Among the many adventures Lowe describes in Love Lifeare what it's like in the trenches as both the star and producer of a flop TV show; how a visit, as a twenty year old, to Hugh Hefner's Playboy Mansion led to a surprise in the hot tub; how an actor prepares for a role, as well as the practical, boots-on-the-ground details no drama or film school would ever teach you. You'll delight at the hilarious account of the time a major movie star stole his girlfriend, and of coaching a kid's basketball team dominated by omnipresent helicopter parents. The story of coming to terms with his son's departure to college for the education his father never got will touch anyone with a family.
PUBLISHERS WEEKLY
Actor Rob Lowe's (Stories I Only Tell My Friends) second memoir deals largely in his more recent past, using the personal essay as a form to reflect on a variety of topics most, notably his television work and life as a husband and father. He provides insight into his acting process, how he held his own in a scene with Dame Maggie Smith, captured the essence of JFK for Killing Kennedy and conceived the character he played in Soderbergh's Behind the Candelabra. He also breaks down some of his post-West Wing failures like NBC's The Lyon's Den plagued by production, writing, and actress problems and CBS's Dr. Vegas, where Lowe found himself ruing his insistence on casting troubled actor Tom Sizemore.
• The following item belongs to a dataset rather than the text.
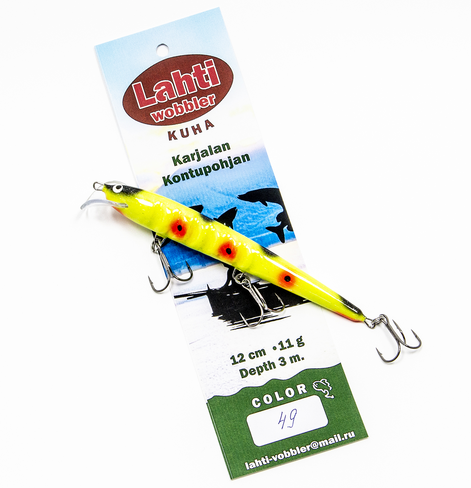 ТТХ Lahti Kuha: длина 12 см., вес: 11 гр., заглубление до 3 метров.

When he does travel back to earlier years he seems less invested, but paints a vivid picture of 1970's Malibu, "a bastion of laissez-faire, self-centered, malignant disregard," recalls a visit to the Playboy Mansion at age 19, and being on set for Alec Baldwin's classic speech in Glengarry Glen Ross, "one of the largest beat-downs an actor has ever delivered." On parenting, Lowe shares several amusing anecdotes, the best of which involves a camping trip and a Bigfoot costume, and he reflects on the mix of pride and sadness of sending his son off to college. Lowe's second effort is an interesting insider's perspective on what works in Hollywood and what seems to be irredeemably broken and his advice on life and relationships is well-conceived and intelligent.